LONDON: Sterling strengthened on Friday as Prime Minister Theresa May asked the European Union to delay Brexit until late June, but its tentative moves reflected continued unease among investors.
May wrote to European Council President Donald Tusk on Friday asking to delay Britain's EU departure until June 30 to allow divided British lawmakers to agree a withdrawal deal.
Britain's exit from the EU, nearly three years in the making, is now in doubt because the British parliament cannot decide what exit terms it wants.
The impact of a long Brexit delay on sterling is unclear. The pound would gain if a delay led eurosceptic lawmakers to back the deal May negotiated with the EU or brought about a reversal of the 2016 Brexit referendum.

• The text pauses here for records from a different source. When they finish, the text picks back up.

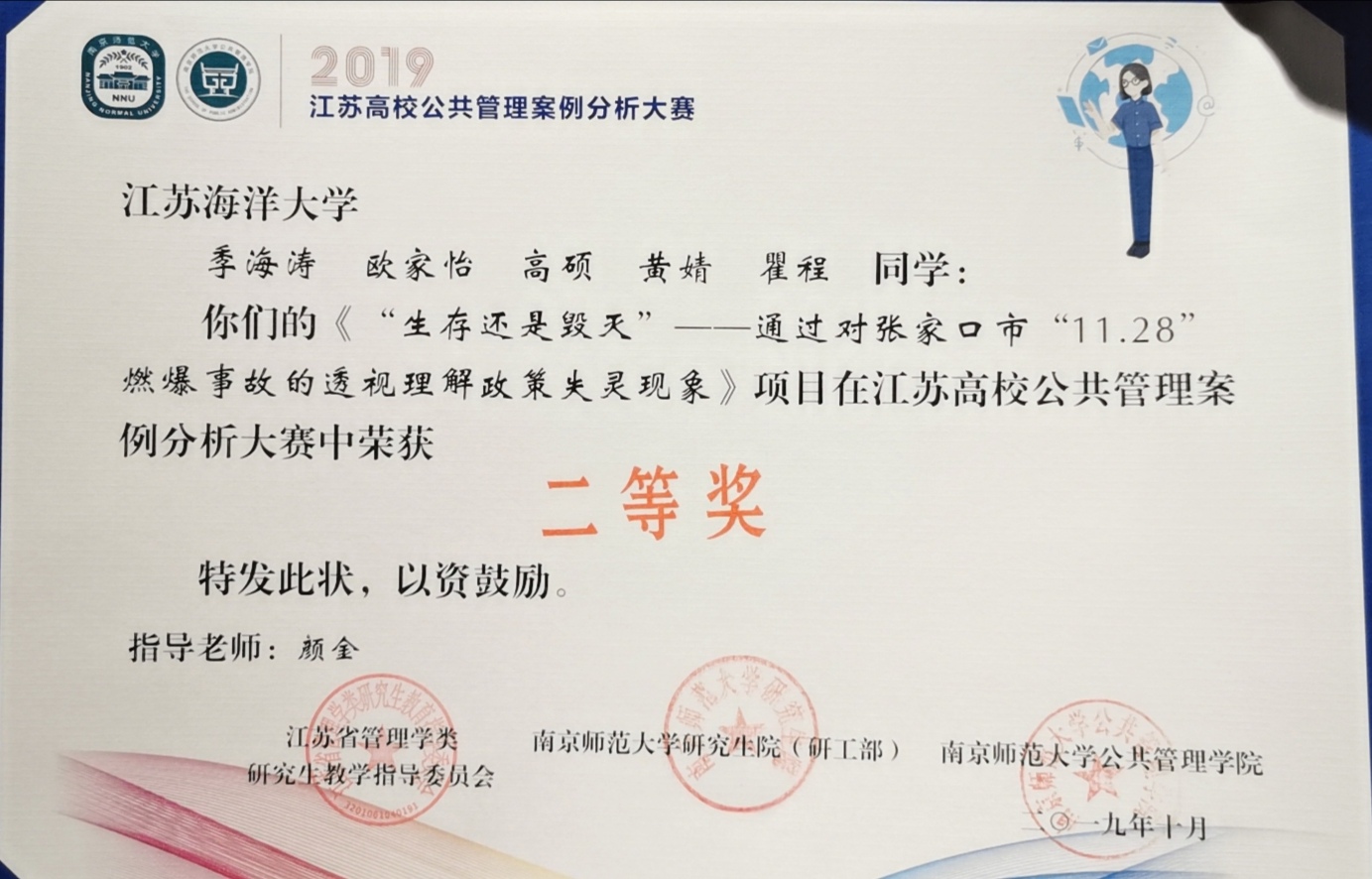 10月11日,首届江苏高校公共管理案例分析大赛决赛在南京师范大学公共管理学院落下帷幕,我校法律与公共管理学院“最美逆行队”的案例作品荣获大赛二等奖。
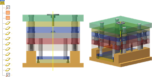 为每个模具板选择工作平面或工作轴,以在二维工程图中自动生成中心线。 |
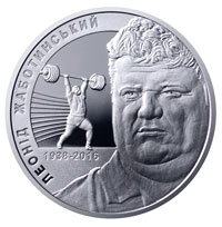На реверсі монети зображено портрет Леоніда Жаботинського, ліворуч від якого роки його життя 1938 - 2016, постать спортсмена зі штангою та напис півколом ЛЕОНІД ЖАБОТИНСЬКИЙ.
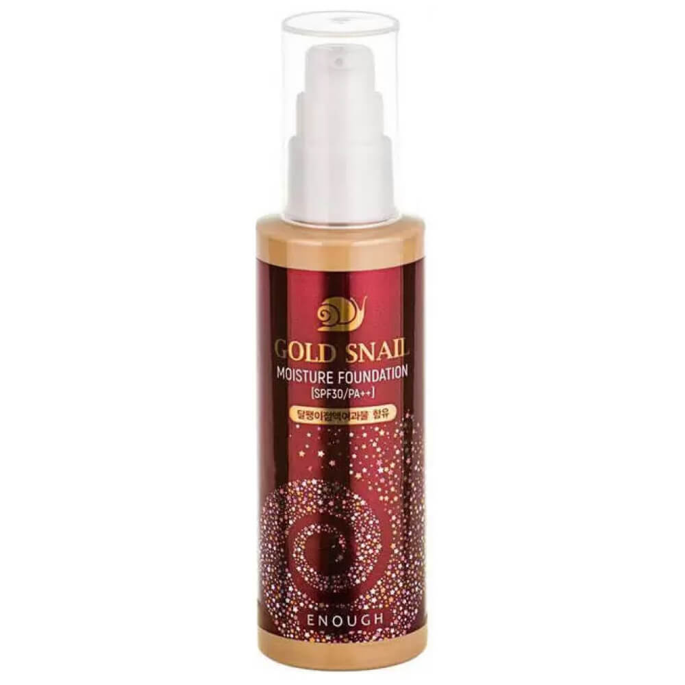Омолаживающий тональный крем с муцином улитки Enough Gold Snail Moisture Foundation SPF30 PA++ идеально подходит для зрелой кожи. Обладает отличной маскирующей способностью, скрывает несовершенства, морщинки и пигментацию. Средство отличается прекрасной стойкостью в течение дня, не провоцирует жирный блеск и чувство стянутости. Способствует обновлению кожного покрова и замедляет процессы старения. Содержит физические солнцезащитные фильтры.
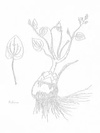 Se encuentra sobre sustrato calizo. Posee numerosas raicillas que le permiten el anclaje a roquedos de alta pendiente, su hábitat más común. En la base del tallo forma una especie de tubérculo llamado ñame, en cuya superficie pueden observarse las muescas de la inflorescencia anual que produce: contándolas, pueden datarse individuos de tres siglos de edad. Cada año echa hojas y tallos tiernos; tales hojas son acorazonadas, verde mate, con una nerviación muy característica. El fruto es erecto, con tres altas y un estilo persistente.
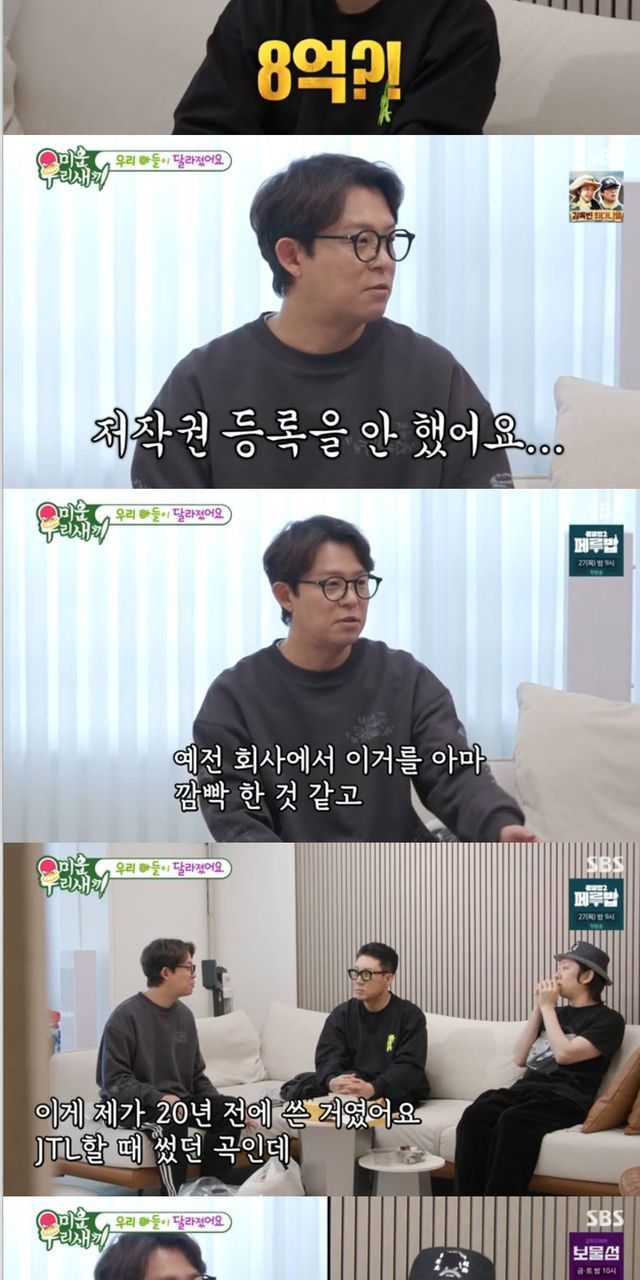 이상민은 "원곡자가 너라고 뜨기 시작하더라"라고 말했다. 토니안은 "8000만 뷰가 나왔더라"라고 했고, 김희철은 "10원씩만 해도 8억인데?"라며 놀랐다.

But on Friday sterling stuck close to $1.31 - the middle of its trading range for most of March - and traders said the path to any resolution remained murky.
"We favour a tortuous path to a deal leading to some eventual pound gains, with $1.2950/3000 remaining the lower end of the near term range for Cable," said analysts at ING.
Adding to the uncertainty, France said it considers premature talks of granting Britain another extension.
UBS Global Wealth Management said it foresees a long extension to Brexit, because it doubted May's attempt to build a cross-party consensus would succeed and expected the pound to remain volatile.
May is talking with opposition lawmakers to create a cross-party consensus to break the Brexit deadlock, but Labour leader Jeremy Corbyn said she had not moved far enough in a first round of the talks.
This week's developments have also pushed up expected gauges of volatility for the pound, with one-month implied gauges elevated vis-à-vis the euro.